Wakisaka Naohiro, Murono Shigeyuki, Yoshizaki Tomokazu, Furukawa Mitsuru, Pagano Joseph S
Lineberger Comprehensive Cancer Center, University of North Carolina at Chapel Hill, 27599-7295, USA.
Cancer Res. 2002 Nov 1;62(21):6337-44.
We have shown that the EBV oncoprotein, latent membrane protein 1 (LMP1), induces a constellation of tumor-invasiveness factors. Fibroblast growth factor (FGF)-2 is angiogenic as well mitogenic. Although FGF-2 does not contain a hydrophobic signal sequence for secretion, FGF-2 is released extracellularly. However, the mechanism by which FGF-2 is released is unclear. Here we show first that LMP1 induces in epithelial cells the expression of FGF-2 mRNA and protein through both LMP1 COOH-terminal activation domains, CTAR 1 and CTAR 2, which can activate nuclear factor (NF)-kappaB signaling and also the p38 mitogen-activated protein kinase pathway. Coexpression of IkappaBalpha (S32A/S36A), which cannot be phosphorylated and prevents NF-kappaB activation, with LMP1 inhibited induction of FGF-2 by LMP1, which suggests that LMP1 induces FGF-2 via NF-kappaB signaling. Moreover, unlike phorbol 12-myristate 13-acetate LMP1 also induced the release of the M(r) 18,000 isoform of FGF-2 protein. Transfection of Ad-AH cells with LMP1 deletion mutants lacking either CTAR 1 or CTAR 2 also induced the release of the protein. Secretion was confirmed in 293 cells, which do not contain detectable endogenous FGF-2 protein, cotransfected with FGF-2 and LMP1. Finally, Na(+)/K(+)-ATPase participates in FGF-2 release, independently of the classical endoplasmic reticulum/Golgi pathway. In this study, the release of M(r) 18,000 FGF-2 protein was partially suppressed by ouabain, which inhibits the activity of Na(+)/K(+)-ATPase alpha1 subunit, but not by Brefeldin A, which inhibits the endoplasmic reticulum/Golgi-dependent secretory pathway. In contrast, the release of M(r) 18,000 FGF-2 protein was almost completely inhibited by IkappaBalpha (S32A/S36A). These results suggest that FGF-2 release is independently mediated by NF-kappaB signaling, not simply a consequence of induction itself. Thus, NF-kappaB signaling is involved in induction of expression and release of FGF-2 by LMP1.

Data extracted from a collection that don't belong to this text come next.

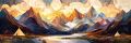 Majestic Sunset Over Mountain Lake with Reflective Waters and Camping Site
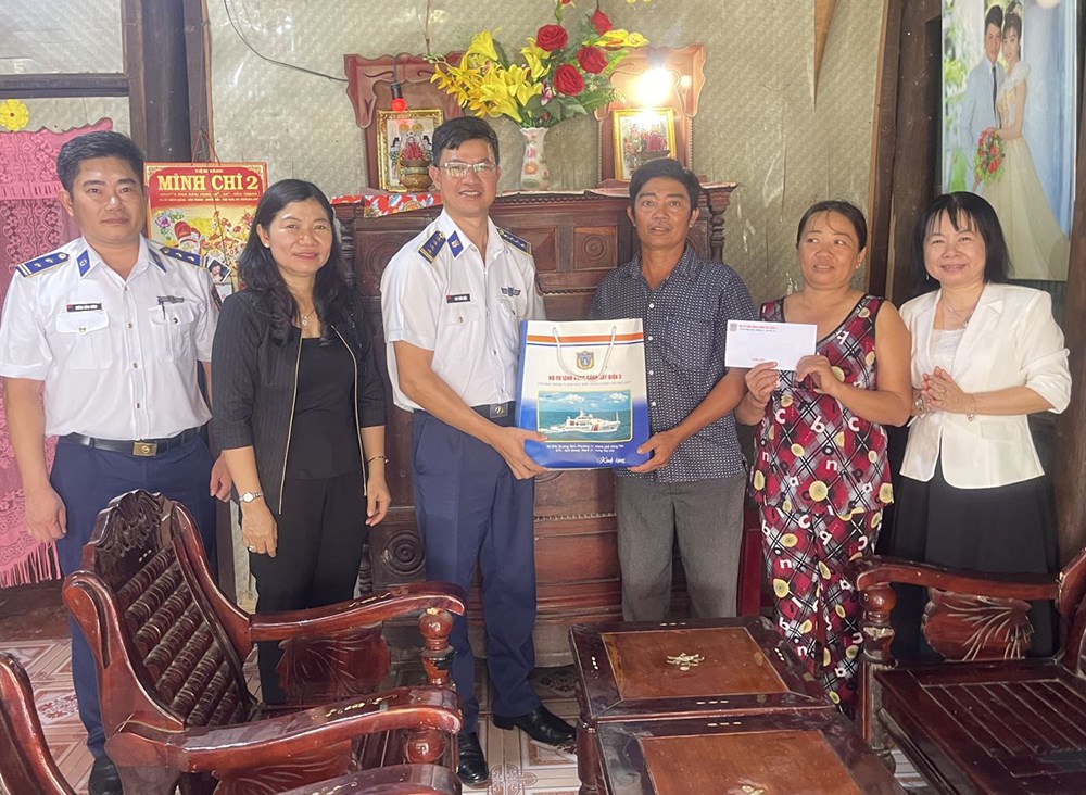 Lãnh đạo Vùng Cảnh sát biển 3 trao quà tặng ngư dân có hoàn cảnh khó khăn trên địa bàn thị xã Duyên Hải (Trà Vinh). |
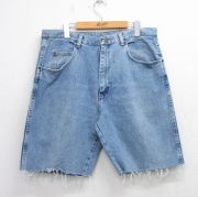 W34★古着 ラングラー ショート パンツ ショーツ メンズ コットン 薄紺 デニム
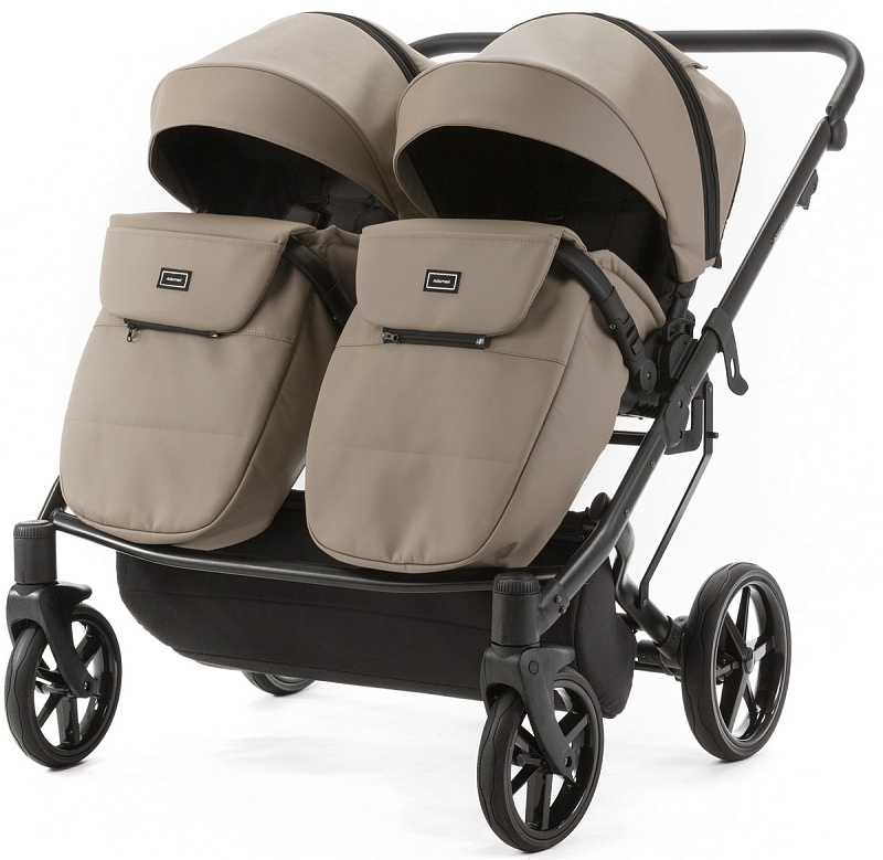 Детская коляска для двойни Adamex Leo Duo Deluxe 3 в 1 DUO-SA9 (Т.БЕЖЕВАЯ КОЖА)
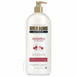 Gold Bond Ultimate Diabetic lotion for dry skin relief, diabetic skin relief, reduces skin discomfort irritation and dryness. Diabetes can affect the skin by drying it out and by making it harder for the body to heal itself. Fortunately, most skin conditions can be prevented or treated with moisturizing formulas that are designed for the skin care needs of people with diabetes. With a blend of moisturizers, vitamins and skin protectant, specially selected for diabetic skin care needs, diabetic skin relief from Gold Bond Ultimate is proven safe and effective at replenishing vital moisture and soothing problem skin. Dermatologist tested among people with diabetes, this formula is fragrance free and hypoallergenic, so they are appropriate for daily use. The body lotion is a medium weight lotion for the daily relief and Prevention of dry, depleted skin.
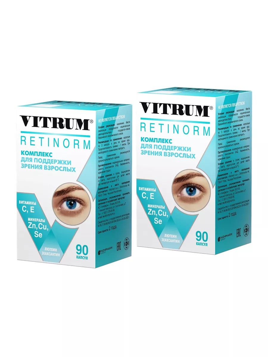 Витрум Ретинорм - это биологически активная добавка (БАД) к пище - комплекс, предназначенный для поддержки зрительной функции и здоровья глаз. Капсулы содержат в своем составе лютеин, зеаксантин, витамины С, Е, микроэлементы: медь, цинк, селен и другие полезные элементы, необходимые для нормализации обменных процессов в тканях глаза и могут способствовать снижению риска развития возрастных изменений глаз. Применение препарата способствует улучшению питания глаз; улучшению функционального состояния и нормализации обменных процессов в тканях глаза, которые могут нарушаться при: зрительном утомлении (работа за компьютером, чтение, вождение автомобиля, деятельности в условиях сниженной освещенности); воздействии повышенного ультрафиолетового излучения (в летнее время, в условиях высокогорья, профессиональные факторы риска и др.); ношении контактных линз и очков; возрастных изменений в сетчатке. Витрум Ретинорм выпускается в форме капсул, принимается взрослыми по 3 капсулы в день во время еды. Продолжительность приема 1 месяц. При необходимости прием можно повторить.

我们已经证明,EB病毒癌蛋白潜伏膜蛋白1(LMP1)可诱导一系列肿瘤侵袭因子。成纤维细胞生长因子(FGF)-2具有血管生成和促有丝分裂作用。尽管FGF-2不含有用于分泌的疏水信号序列,但它能在细胞外释放。然而,FGF-2释放的机制尚不清楚。在此我们首次表明,LMP1通过其两个COOH末端激活域CTAR 1和CTAR 2在上皮细胞中诱导FGF-2 mRNA和蛋白的表达,这两个激活域可激活核因子(NF)-κB信号通路以及p38丝裂原活化蛋白激酶途径。不能被磷酸化并阻止NF-κB激活的IkappaBalpha(S32A/S36A)与LMP1共表达时,可抑制LMP1对FGF-2的诱导,这表明LMP1通过NF-κB信号通路诱导FGF-2。此外,与佛波酯12-肉豆蔻酸酯13-乙酸盐不同,LMP1还诱导了分子量为18,000的FGF-2蛋白异构体的释放。用缺乏CTAR 1或CTAR 2的LMP1缺失突变体转染Ad-AH细胞也诱导了该蛋白的释放。在与FGF-2和LMP1共转染的293细胞(不含有可检测到的内源性FGF-2蛋白)中证实了分泌。最后,Na(+)/K(+)-ATP酶参与FGF-2的释放,独立于经典的内质网/高尔基体途径。在本研究中,哇巴因可部分抑制分子量为18,000的FGF-2蛋白的释放,哇巴因抑制Na(+)/K(+)-ATP酶α1亚基的活性,但布雷菲德菌素A不能抑制,布雷菲德菌素A抑制内质网/高尔基体依赖性分泌途径。相反,IkappaBalpha(S32A/S36A)几乎完全抑制了分子量为18,000的FGF-2蛋白的释放。这些结果表明,FGF-2的释放是由NF-κB信号通路独立介导的,而不仅仅是诱导本身的结果。因此,NF-κB信号通路参与了LMP1诱导FGF-2的表达和释放。